North

Reflecting on Yellowknife's 1st Indigenous relations advisor

The city of Yellowknife made history in September 2018 when it hired its first ever Indigenous relations advisor — but a year and a half later, the job has been eliminated. Now people are reflecting on the short-lived position. 

Position ended 18 months after it began when federal funding ran out

A file photo of Maggie Mercredi, the city's first Indigenous relations adviser. The position was ended in February 2020 when federal funding ran out. (Avery Zingel/CBC)

The city of Yellowknife made history in September 2018 when it hired its first-ever Indigenous relations advisor — but a year and a half later, the job has been eliminated. Now people are reflecting on the short-lived position. 

When the city announced the new role in June 2018, it noted there was only funding for 18 months from Indigenous Services Canada — but said it was looking into options to keep the position long-term.

The role officially ended on Feb. 21.

The position was intended to help improve the city's relationship with Indigenous people and governments, and embed reconciliation in its practices and decisions. Reconciliation has been highlighted as one of six core values in the city's 2019-2022 strategic priorities. 

Yellowknife is located on Chief Drygeese Territory, the traditional home of the Yellowknives Dene. And according to 2018 data from the NWT Bureau of Statistics, more than 24 per cent of the city's population is Indigenous. 

At a council meeting on March 2, Coun. Stacie Smith thanked Maggie Mercredi for her time in the job. 

Her position ended before it could even begin- Coun. Stacie Smith

"I just wanted to give recognition to the positive work that she had done for us with the starting of the conversation and really bringing to light what reconciliation actually is," Smith said.

Mercredi was "starting from scratch," Smith said, and put "a lot of tender love and care" into speaking with community members. That included work on the city's reconciliation action plan, which Mayor Rebecca Alty said is in the draft stage. 

"It's been a great opportunity to begin the discussion on reconciliation and our plan moving forward," Alty said.

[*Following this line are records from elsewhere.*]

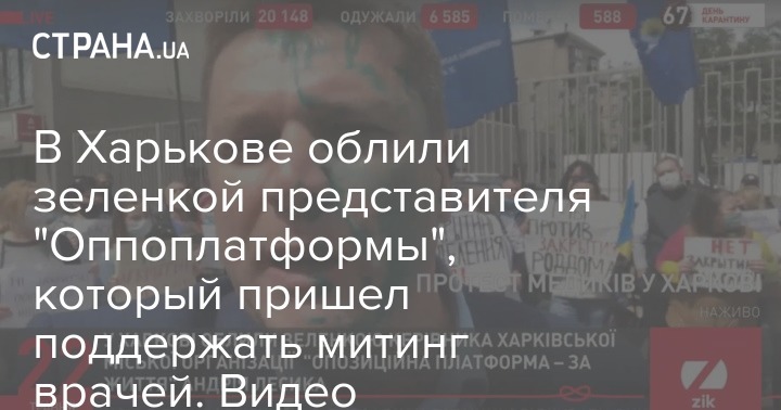 В Харькове облили зеленкой представителя "Оппоплатформы", который пришел поддержать митинг врачей. Видео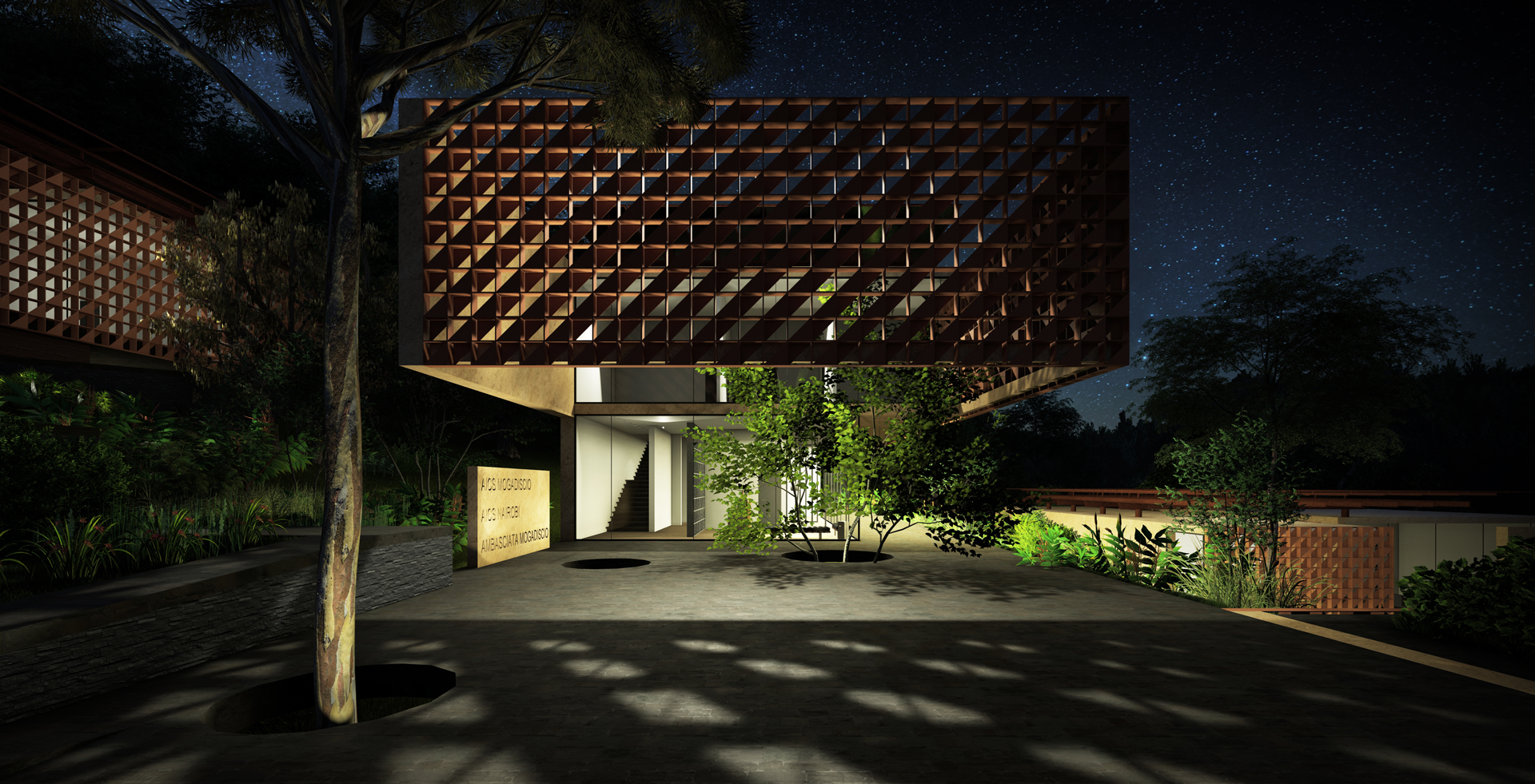 • Edificio AICS Nairobi, Mogadiscio e uffici Ambasciata Mogadiscio: l’ambasciata di Mogadiscio è separata dal resto dell’edificio e posizionata al livello della “piazza dell’arte”, gli uffici di cooperazione sono posizionati al piano superiore, l’ingresso è in comune al livello terra.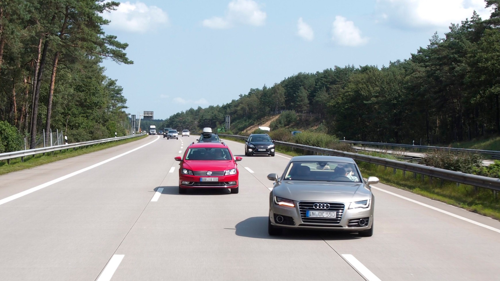 Środkowym pasem jedzie z przodu grupa wolniej jadących samochodów, zmieniam więc pas na lewy, żeby je wyprzedzić. Przede mną lewym pasem jedzie inny samochód. Różnice prędkości są niewielkie, niewiele się więc dzieje, spokojna, bezpieczna jazda.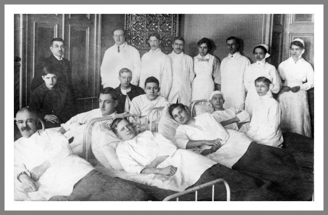 Hvidgardister på hospitalet Den danske løjtnant Borre-Larsen, der som frivillig på de hvides side blev såret under kampene om Tammerfors (Tampere), beskrev sit hospitalsophold således: "De var forskrækkeligt geskæftige, disse Røde Kors-Søstre, rent og fint og pillent skulde der være overalt, og vi, der kom lige fra Fronten, var nærmest gnavne over alt dette Væsen, skønt Gud skal vide, det var som at komme i Paradis denne Overgang fra Krig til Hospital." Her ses Civilgardister (hvide) som bliver behandlet på Røde Kors-hospitalet i Hatanpää. De røde behandlede generelt sårede civilgardister godt. Ukendt fotograf © Vapriikki Photo Archives, Tampere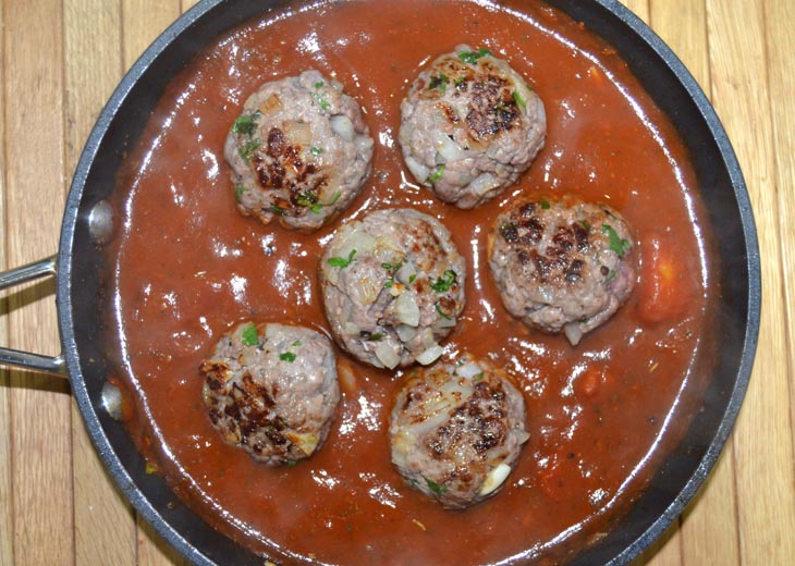 Season the sauce to taste, and stir through the tomato paste to thicken it slightly. Add the browned meatballs from the frying pan to the sauce, spooning some sauce over them.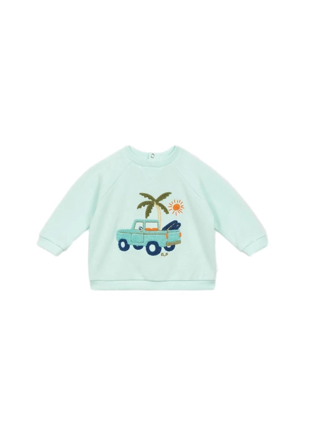 Sweat bébé pick up azur • Molleton en coton bio et émerisé • Col rond • Forme relax, manches raglans • Détail "v" au col • Finition bord côte aux poignets, bas du corps et au col • Broderie bouclette "Pick up" sur le milieu devant • Ouverture au dos avec 3 pressions

Coun. Stacie Smith had fought to make the Indigenous relations advisor role permanent. (Submitted)

Smith, who is Tlicho and currently the only Indigenous member of city council, had fought to make the position permanent. During a council meeting on the 2020-2021 budget in December 2019, she proposed using city funding. But that plan was rejected by a majority of councillors and Smith was the only councillor to vote against the budget. 

"Maggie's role, what she was trying to put forth, it's not done, it's not completed and it's never going to be completed," Smith said. 

"Her position ended before it could even begin."

Maggie Mercredi declined an interview with CBC for this story.

Should be expanded to a committee: Smith

Smith is not alone in her disappointment. Social advocate Arlene Hache and Yellowknives Dene First Nation Ndilo Chief Ernest Betsina have also spoken publicly in opposition to the city's decision to not extend the role.

Yellowknife Mayor Rebecca Alty says the city will see with the anticipated reconciliation action plan what it will do in the future. (Katie Toth/CBC News)

When asked if she'd like to see the city reinstate the position, Smith said it should be expanded to a committee, noting the city's population is made up of many different First Nations, Inuit and Métis.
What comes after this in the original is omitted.